Robotique et IA Incarnée

L'IA incarnée (Embodied AI) est l'intersection entre l'intelligence artificielle et la robotique, où les algorithmes doivent interagir avec le monde physique réel.

Vue d'ensemble

IA INCARNÉE - STACK TECHNOLOGIQUE :

┌─────────────────────────────────────────────────────────────┐
│                      INTELLIGENCE                            │
├─────────────────────────────────────────────────────────────┤
│  Planification    │  Apprentissage    │  Raisonnement       │
│  de tâches        │  par renforcement │  symbolique         │
├─────────────────────────────────────────────────────────────┤
│                      PERCEPTION                              │
├─────────────────────────────────────────────────────────────┤
│  Vision 3D        │  LIDAR/Radar      │  Capteurs tactiles  │
│  Reconnaissance   │  SLAM             │  Proprioception     │
├─────────────────────────────────────────────────────────────┤
│                      CONTRÔLE                                │
├─────────────────────────────────────────────────────────────┤
│  Cinématique      │  Dynamique        │  Contrôle moteur    │
│  inverse          │  du mouvement     │  temps réel         │
├─────────────────────────────────────────────────────────────┤
│                      MATÉRIEL                                │
├─────────────────────────────────────────────────────────────┤
│  Actionneurs      │  Capteurs         │  Processeurs        │
│  (moteurs, etc.)  │  (caméras, etc.)  │  embarqués          │
└─────────────────────────────────────────────────────────────┘

Types de robots IA

Classification par forme

Type	Exemples	Applications
Bras robotiques	Franka, UR5, Kuka	Industrie, chirurgie
Humanoïdes	Atlas, Optimus, Figure	Assistance, industrie
Quadrupèdes	Spot, ANYmal	Inspection, sécurité
Drones	DJI, Skydio	Livraison, cartographie
Véhicules autonomes	Waymo, Tesla	Transport
Robots mobiles	Roomba, AMR	Logistique, nettoyage

Niveaux d'autonomie

SPECTRE D'AUTONOMIE :

Téléopération    Semi-autonome     Autonome supervisé    Pleine autonomie
     │                 │                   │                    │
     ▼                 ▼                   ▼                    ▼
┌─────────┐      ┌─────────┐         ┌─────────┐         ┌─────────┐
│ Humain  │      │ Humain  │         │  Robot  │         │  Robot  │
│ contrôle│      │ supervise│        │ décide  │         │ décide  │
│ tout    │      │ + corrige│        │ humain  │         │  seul   │
│         │      │         │         │ valide  │         │         │
└─────────┘      └─────────┘         └─────────┘         └─────────┘

Exemples:
• Chirurgie    • Voitures      • Drones         • Aspirateurs
  robotique      assistées       industriels      robots

Perception robotique

Vision 3D avec caméras de profondeur

import pyrealsense2 as rs
import numpy as np
import cv2

class DepthCamera:
    def __init__(self):
        self.pipeline = rs.pipeline()
        config = rs.config()
        config.enable_stream(rs.stream.depth, 640, 480, rs.format.z16, 30)
        config.enable_stream(rs.stream.color, 640, 480, rs.format.bgr8, 30)
        self.pipeline.start(config)

        # Alignement depth sur color
        self.align = rs.align(rs.stream.color)

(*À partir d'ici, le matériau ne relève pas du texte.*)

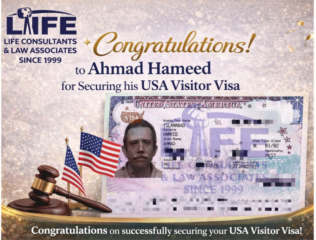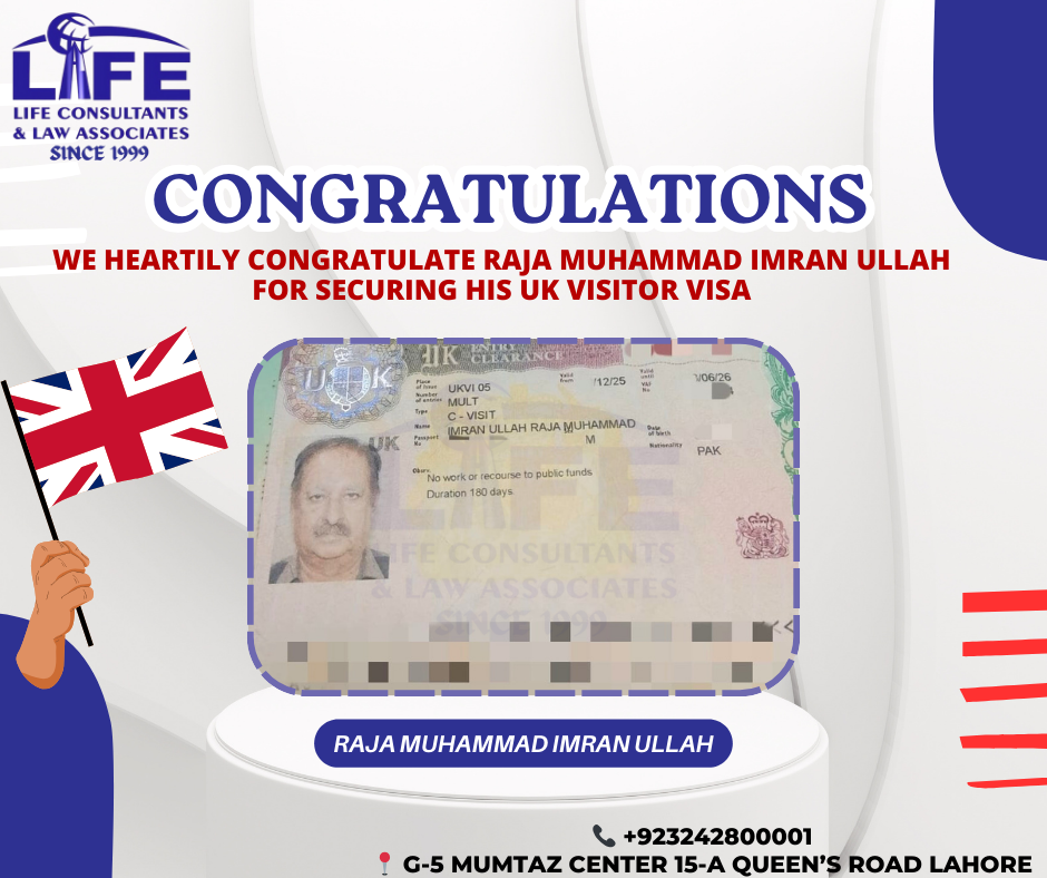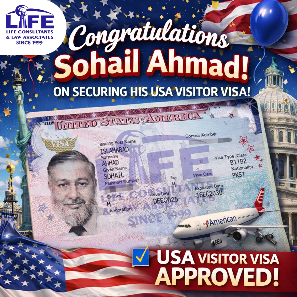 Life Consultant helps me a lot throughout my Visa processing journey with absolute professionalism and zeal. Today, I receive my Passport with my Visa sticker, all thanks to Life Consultants specially Mr.Shahid Ghani Adv Shb. Highly recommended.

    def get_frames(self) -> tuple:
        frames = self.pipeline.wait_for_frames()
        aligned = self.align.process(frames)

        depth_frame = aligned.get_depth_frame()
        color_frame = aligned.get_color_frame()

        depth_image = np.asanyarray(depth_frame.get_data())
        color_image = np.asanyarray(color_frame.get_data())

        return color_image, depth_image

    def get_point_cloud(self) -> np.ndarray:
        """Retourne un nuage de points 3D."""
        frames = self.pipeline.wait_for_frames()
        depth = frames.get_depth_frame()

        pc = rs.pointcloud()
        points = pc.calculate(depth)

        vertices = np.asanyarray(points.get_vertices())
        return np.array([[v[0], v[1], v[2]] for v in vertices])

    def get_distance(self, x: int, y: int) -> float:
        """Distance en mètres à un pixel donné."""
        frames = self.pipeline.wait_for_frames()
        depth = frames.get_depth_frame()
        return depth.get_distance(x, y)

SLAM (Simultaneous Localization and Mapping)

# Exemple conceptuel avec ORB-SLAM
import numpy as np

class SimpleSLAM:
    """SLAM simplifié basé sur des features visuelles."""

    def __init__(self):
        self.map_points = []  # Points 3D de la carte
        self.keyframes = []   # Images clés
        self.pose = np.eye(4)  # Pose caméra (4x4 transformation)

    def process_frame(self, image: np.ndarray, depth: np.ndarray):
        # 1. Extraire les features (ORB, SIFT, etc.)
        features = self.extract_features(image)

        # 2. Matcher avec la frame précédente
        matches = self.match_features(features, self.prev_features)

        # 3. Estimer le mouvement (PnP ou odométrie visuelle)
        motion = self.estimate_motion(matches, depth)
        self.pose = self.pose @ motion

        # 4. Ajouter des points à la carte
        new_points = self.triangulate_points(matches, depth)
        self.map_points.extend(new_points)

        # 5. Optimiser (bundle adjustment)
        if self.should_add_keyframe():
            self.keyframes.append((image, self.pose.copy()))
            self.optimize_map()

        return self.pose

    def extract_features(self, image):
        orb = cv2.ORB_create(nfeatures=1000)
        keypoints, descriptors = orb.detectAndCompute(image, None)
        return keypoints, descriptors

    def get_map(self) -> np.ndarray:
        """Retourne la carte 3D."""
        return np.array(self.map_points)

    def get_trajectory(self) -> list:
        """Retourne la trajectoire du robot."""
        return [kf[1][:3, 3] for kf in self.keyframes]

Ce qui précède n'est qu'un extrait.